田筱青接著說,在她十六歲的那年,野外踏青,遇到了一位官宦公子,因而一見鍾情。家中怪她敗壞門風,予以懲罰。她逃出家門,隻為私奔。而公子所說的家鄉,根本沒有那個人的存在。她癡情不改,四處尋找。十年後,依然無果。又十年,還是如此。她餐風露宿,顛沛流離,吃盡了苦頭,並將青蔥歲月以及大好的年華,盡付諸於一個夢想的追尋之中。不過,她最終還是絕望了,便在心灰意冷之下踏上返鄉的路程。卻意外發生……
她在途中遇到了一隊車馬,而車上那倚紅偎翠的風流男子,竟然便是她朝思暮想的心上人!她不敢相信,悲慟而去。男子追來分說道,他當年給父母稟明心願並立誌婚娶,卻被逐出家門,便孑然一身回頭尋來,隻想著與那位踏青邂逅的女子長相廝守,誰料彼此錯過而再難相見。於是他在鬱鬱寡歡了十年後,重返家族……

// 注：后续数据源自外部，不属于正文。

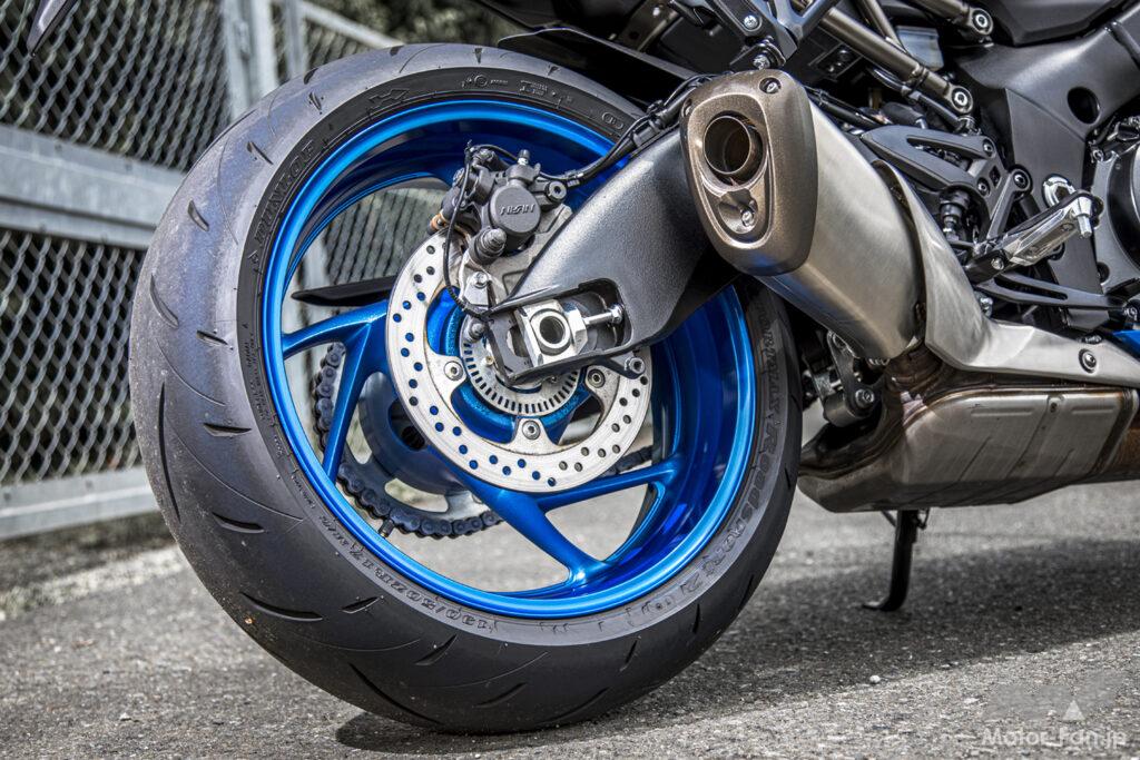 コーナーの進入ではそこそこのハードブレーキングでも車体は安定。寝かし始めではGSX-S1000Fのときに感じたフロント周りの重さはやや改善された感はあるが、それでも重量車らしい手応えを感じる。バンク中も前後サスペンションのバランスが良く、軽いギャップ程度なら無視できるほど。コーナーの出口ではパワフルかつスムーズな4気筒エンジンの特性を活かして豪快に脱出することもできる。その際、トラクションコントロールが搭載されていることは安心感につながる。もちろん過信し過ぎは禁物だが。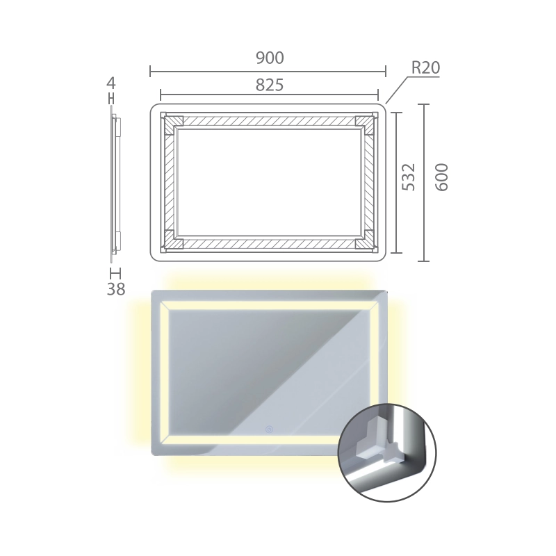 آینه پشت نوردار ,آینه سندبلاست ,روشنایی ,روشنایی لمسی (تاچ) |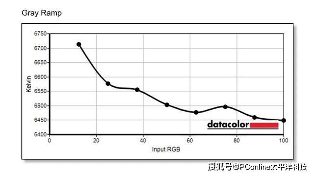 而在灰阶表现方面,AORUS FO27Q5P的色温曲线在不同灰度下有轻微波动,整体在6720K至6450K之间浮动,但曲线丝滑,表现较为稳定。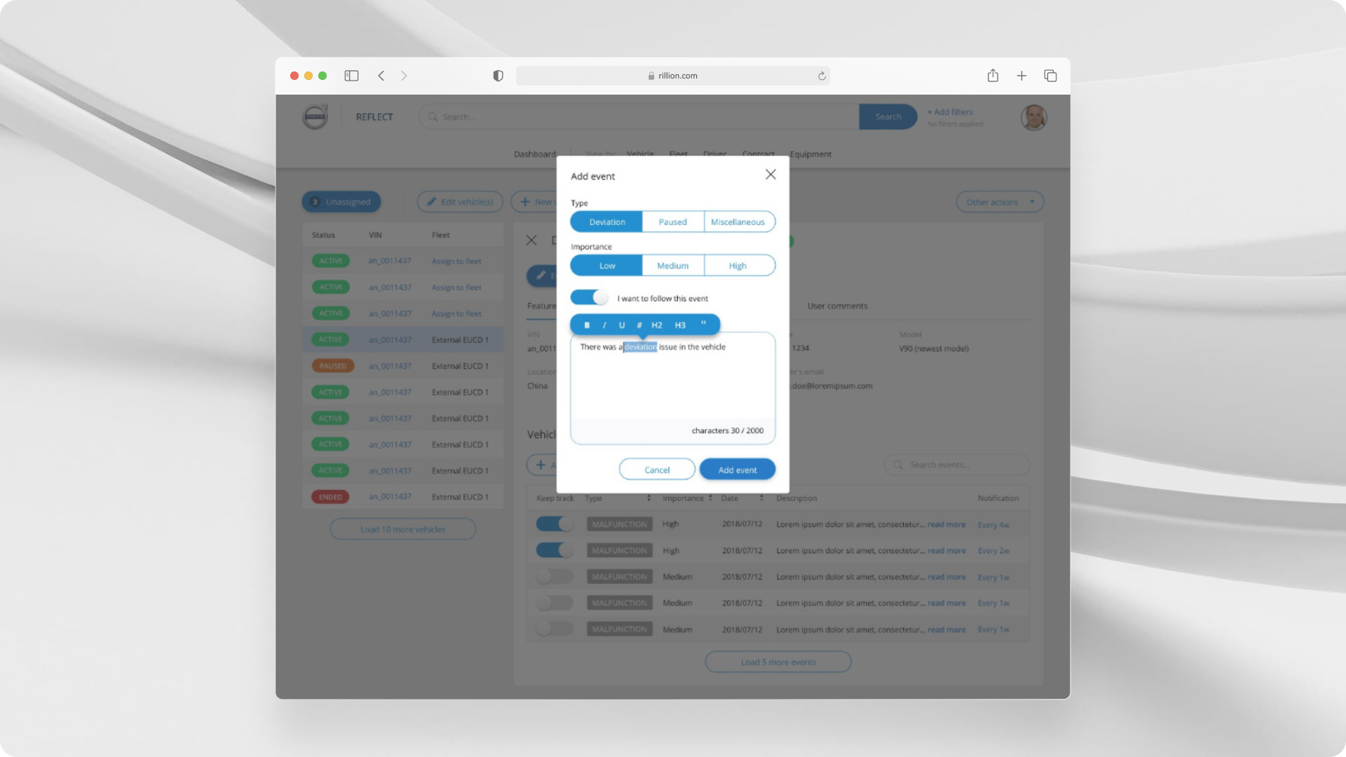 I led user interviews and prototype validation in an agile team with PO, Scrum Master, and Backend Developer. The REFLECT UI emerged: vehicle list with filters, detailed vehicle panel with events, Add event modal, and a step-by-step unassigned-vehicles flow with optional combine-similar. Implemented with HTML, CSS, and AngularJS.

既然尋了十年,為何不能再等十年?既然一生所愛,又怎能中途放棄而違背初衷?
她想埋怨對方的失守,她想叱責命運的不公,她想傾訴二十年來的辛苦,而她最終卻是一聲不吭默默遠去,且將悲號化作那年的秋風在長空嗚咽,隻想埋在道邊的泥土中去見證著季節的滄桑輪回!

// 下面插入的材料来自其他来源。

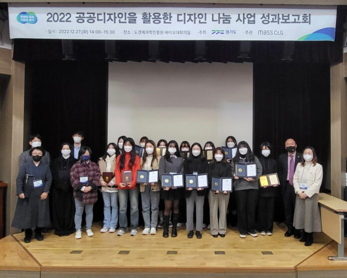 경기도가 27일 경기도경제과학진흥원에서 홍지선 경기도 도시주택실장, 이영희 경기도의회 의원, 수탁기관 디자인전문기업 ㈜매스씨앤지, 동서울대·신한대·한양대 교수 및 대학생, 디자인 전문회사(디토, 디자인미창), 경기도립노인전문병원 관계자 등 60여 명이 참석한 가운데 ‘2022 디자인 나눔 성과보고회’를 개최했다.

恰逢神魂淪落之際,遇到了兩位尋仙的道友。對方說,遠離紅塵,便遠離了苦惱。倘若成仙,便可逍遙……
“而我來到玉井峰之後,卻始終放不下塵緣往事。今日傾訴之後,或將從此釋懷!”
田筱青說到此處,稍稍一緩,幽幽自語道:“紅塵情緣兩茫茫,不堪回首雁成行,且歎明月悲秋風,淚花雨叢蝶一雙……”其神色癡怨,隨即又如釋重負般地歎道:“但願從此後,意氣淩霄不知愁,揮袖舞天九重九……”她兩眼中星光一閃,垂首含笑,兩手舉起:“多謝無兄弟聽我嘮叨,願修煉有成!”
無咎依然倚靠在石壁上,很是閑散慵懶的模樣。見對方終於說完了,他忙坐直了,好奇問道:“帶你來到靈山的那兩人又是誰,莫非是山上的前輩?”
他還真的在聽,並聽得很詳細。若是這位田筱青認得山上的高人,或許可以幫著說說話,即便求助不得,能讓木申有所收斂也是好的。那家夥總是欺負自己,又太過於強大。如此較量,真的很不公平!
“那兩位好友,一個死於途中,另外一個則是葬身此處,便是日前那位耗盡壽元的老者,曾為你親眼所見!”田筱青隨聲回答,卻明眸善睞,不解道:“那隻是兩位尋常的道友,有何不妥?”
無咎擺了擺手,笑道:“田姐姐命運多舛,卻癡情不改,著實令人敬佩、而又不勝唏噓呀!如此想來,每人的身後,都有一段不凡的往事……”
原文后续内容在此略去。